Puisqu’on en parle encore des années après, on peut dire que c’est un inspecteur qui a marqué son territoire. Mais il n’est pas parti en odeur de sainteté, non, il laissa plutôt une odeur de pourriture, ce qui permet de dire que, sur un territoire donné, l’homme est sans doute le seul animal capable d’excréments psychologiques.
Je le disais pervers. En tous les cas, il terrorisait les candidats. Mais sa méchanceté était organisée pour mieux faire accepter que ses insanités passent pour des pointes d’humour. Ainsi, avait-il souvent des remarques pédagogiques un peu étranges à l’égard des candidates. Des allusions sexuelles empreintes de bonté, quand les candidates étaient belles, puisqu’elles ne visaient selon lui qu’à aider la pauvre candidate à se détendre, à ne pas être stressée et surtout à mieux conduire pour mériter son permis.
Si l’accompagnant du candidat – le moniteur – n’était pas suffisamment compétent pour apprécier son jeu, la colère le submergeait parfois et, de plus, les candidates n’étaient pas toujours jolies. « Madame, vous feriez mieux d’ouvrir vos cuisses ailleurs que sur une moto ! » a-t-il ainsi dit un jour en examen moto à ma candidate dont la morphologie un peu rondelette handicapait un peu en la matière. Il est vrai que tout le monde sait qu’il faut faire corps avec la moto et bien serrer le réservoir avec les genoux !
Comment est perçu cet inspecteur par ses pairs ? On parle du « corps » des inspecteurs. Ce corps se veut pur par opposition aux auto-écoles salies par leur pratique commerciale. Il n’est donc pas possible dans ce corps d’envisager qu’un élément soit totalement impur puisqu’il est du service public et, surtout, il n’est pas moniteur auto-école. On parlait d’excrément tout à l’heure : c’est quelque chose que, par sa nature même, la pureté exclut.

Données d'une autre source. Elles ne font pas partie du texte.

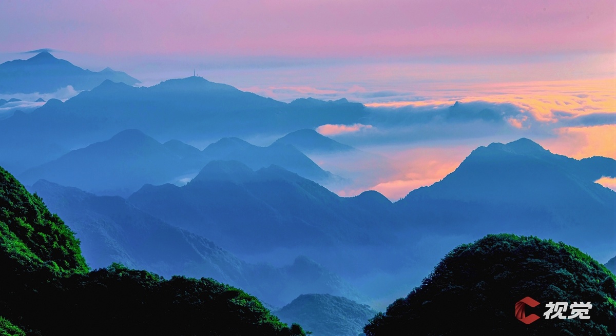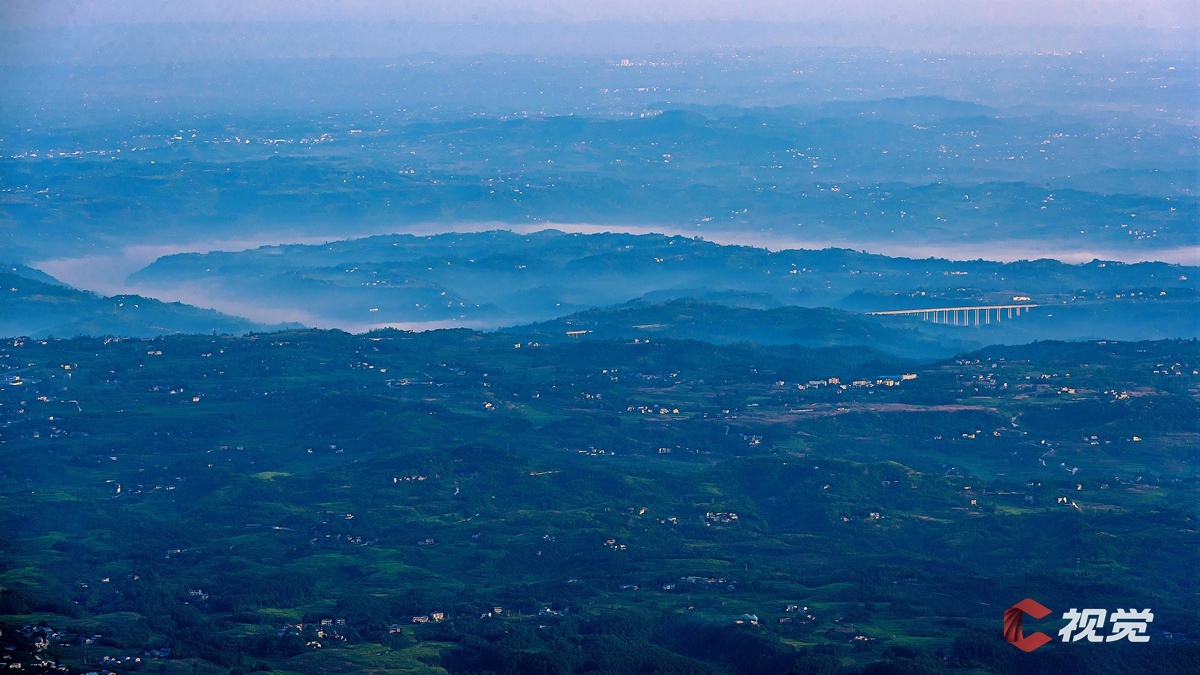 在华蓥山宝鼎极目远眺,蜿蜒的河流犹如大地蛟龙

Mais la mauvaise odeur se fait parfois insistante, y compris auprès de ceux qui se pincent le nez. Quand il s’agit du comportement odieux d’un collègue, les interpellations finissent par obliger les pairs à prendre position. Ceux qui la prennent ont une réponse toute trouvée et, semble-t-il, universelle. C’est donc sans surprise que j’entends mon interlocuteur me faire cette remarque : « certes il était un peu spécial mais attention, hein, techniquement, il était bon ! ».
La vieille recette des pervers qui veulent durer est donc un équilibre entre emmerder le peuple, d’un côté, et être techniquement irréprochables de l’autre. C’est sans doute valable dans tous les métiers, syndicats et partis politiques, c’est en cela que c’est universel.